Recently Introduced BCG Substrain Effective for High-Risk NMIBC

Use of the Moreau substrain, aimed at easing a worldwide BCG shortage, is associated with 5-year outcomes similar to those of other substrains.
Use of the Moreau substrain, aimed at easing a worldwide BCG shortage, is associated with 5-year outcomes similar to those of other substrains.

The Moreau substrain of bacillus Calmette-Guérin (BCG) is effective for adjuvant instillation treatment of high-risk non-muscle invasive bladder cancer (NMIBC), with associated outcomes comparable to the use of other substrains, new findings suggest.

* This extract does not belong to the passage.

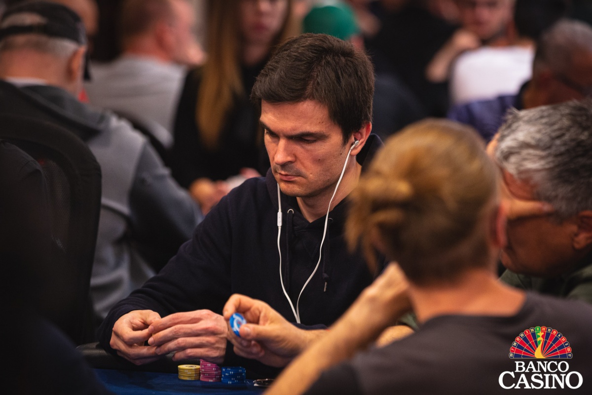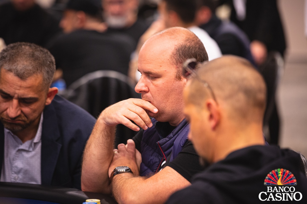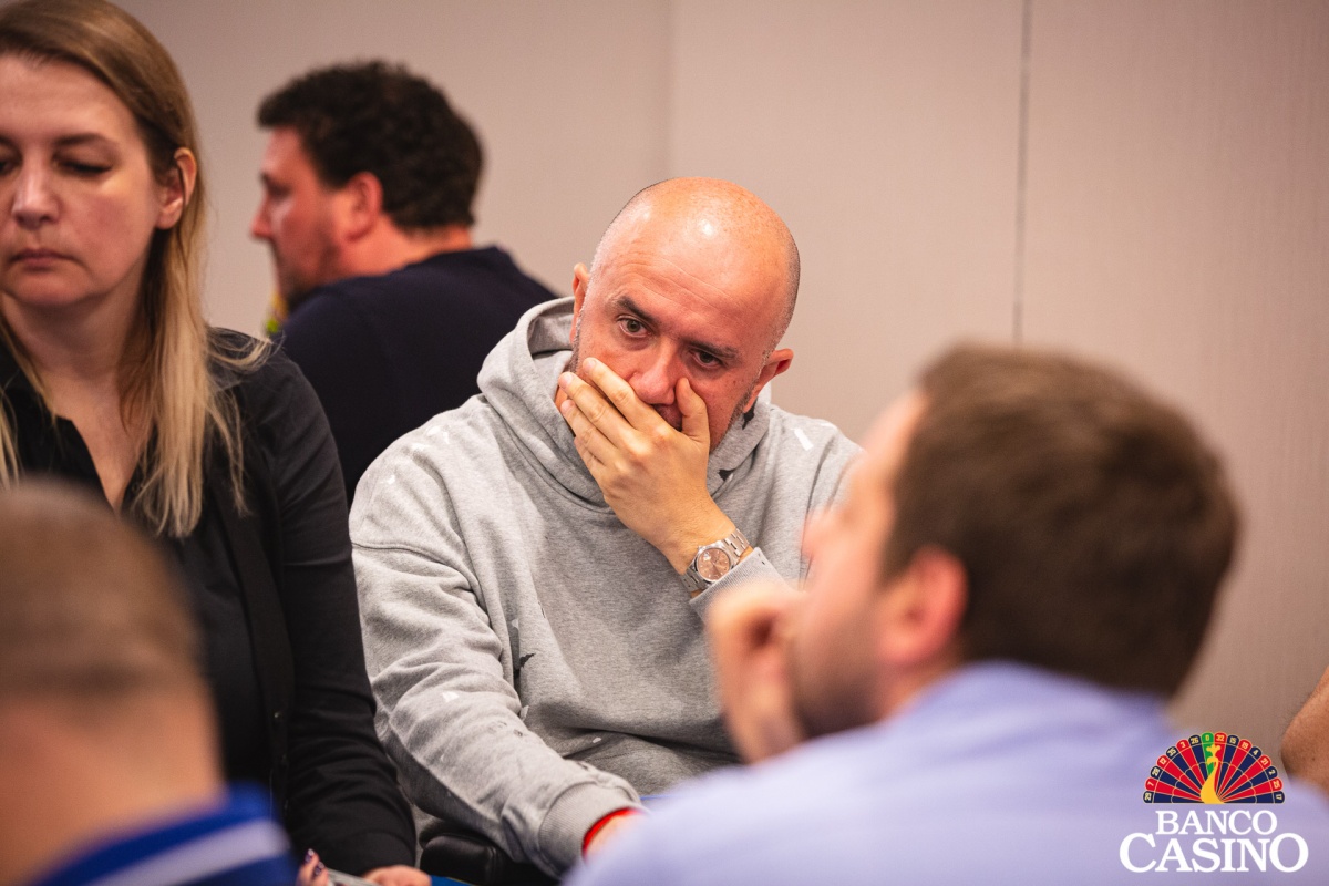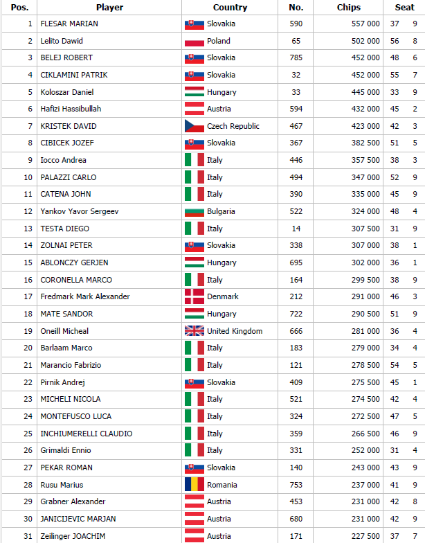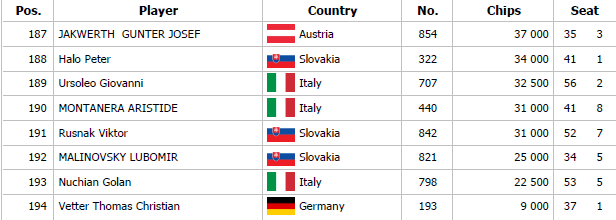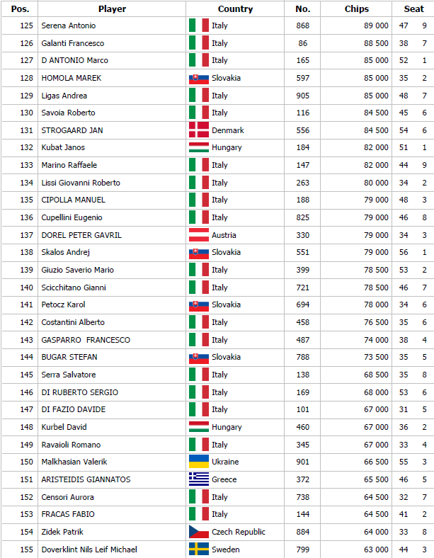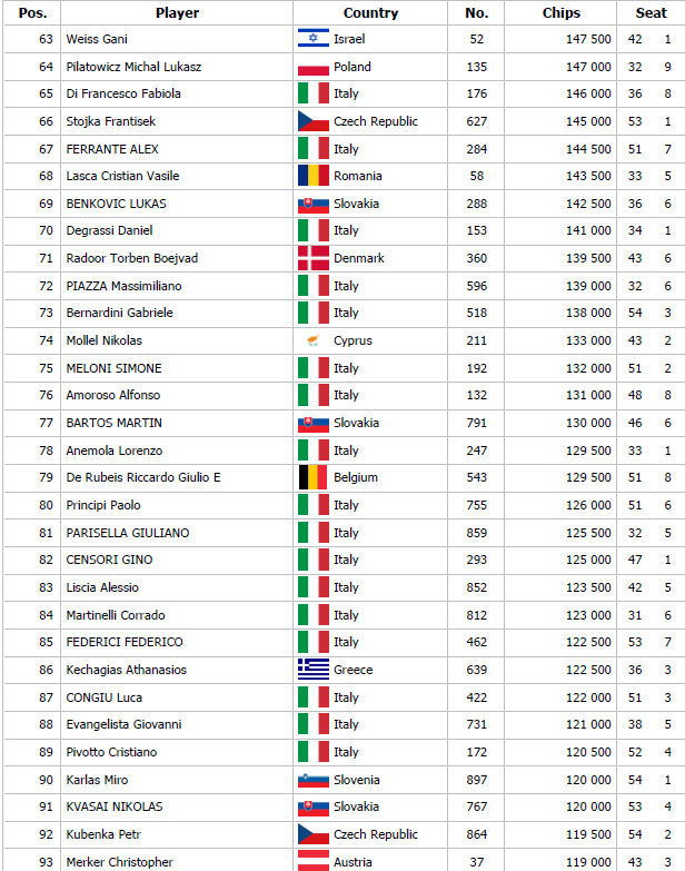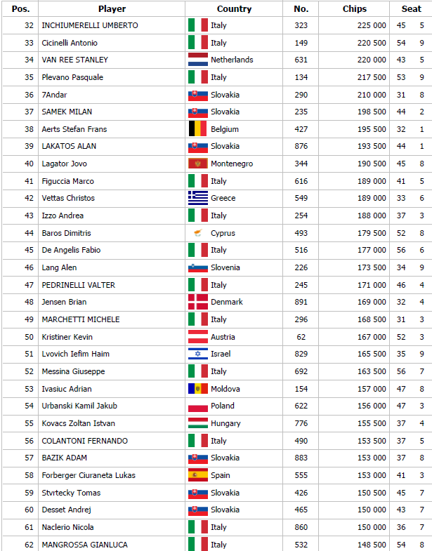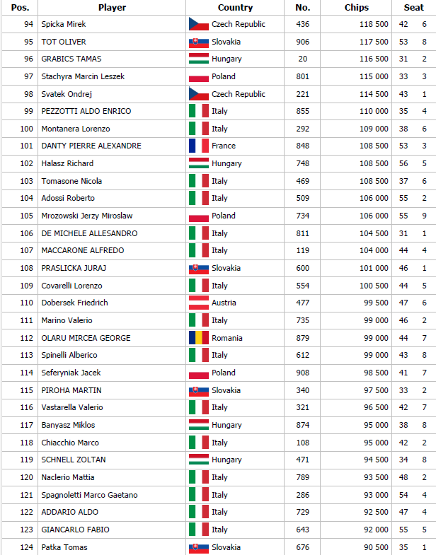 Na stole 42 Nicola Micheli poslal za 142,000 z Ep s Jx Jx a David Křístek na bb si našiel Kx Kx. Board 7x 7x 4x 5x 6x Nicolovi nepomohol a v turnaji skončil. Na stole číslo 44 Mircea Olaru dostal do hry asi 100,000 s Ax 9x a Claudio Inchiumerelli si našiel Ax Kx. Board Qx Tx 2x Qx 4x znova shortovi nepomohol a presúvame sa ITM !

BCG-Moreau was introduced recently to the European market in response to a worldwide BCG shortage, but few data are available regarding the oncologic efficacy of this substrain, according to an online report in Urologia Internationalis. Shahrokh F. Shariat, MD, of the Medical University of Vienna, and colleagues retrospectively studied 295 patients who received intravesical BCG-Moreau for NMIBC. Of these patients, 76 had intermediate-risk and 219 had high-risk NMIBC. The study endpoint was the time to first recurrence and progression to muscle-invasive disease. The 5-year recurrence-free survival and progression-free survival rates were 64.8% and 81.4%, respectively, rates comparable to those found in studies of other substrains, the investigators reported.

The authors concluded that “BCG-Moreau may serve as an equally effective alternative” to BCG-TICE, Connaught, and RIVM during the worldwide of these substrains.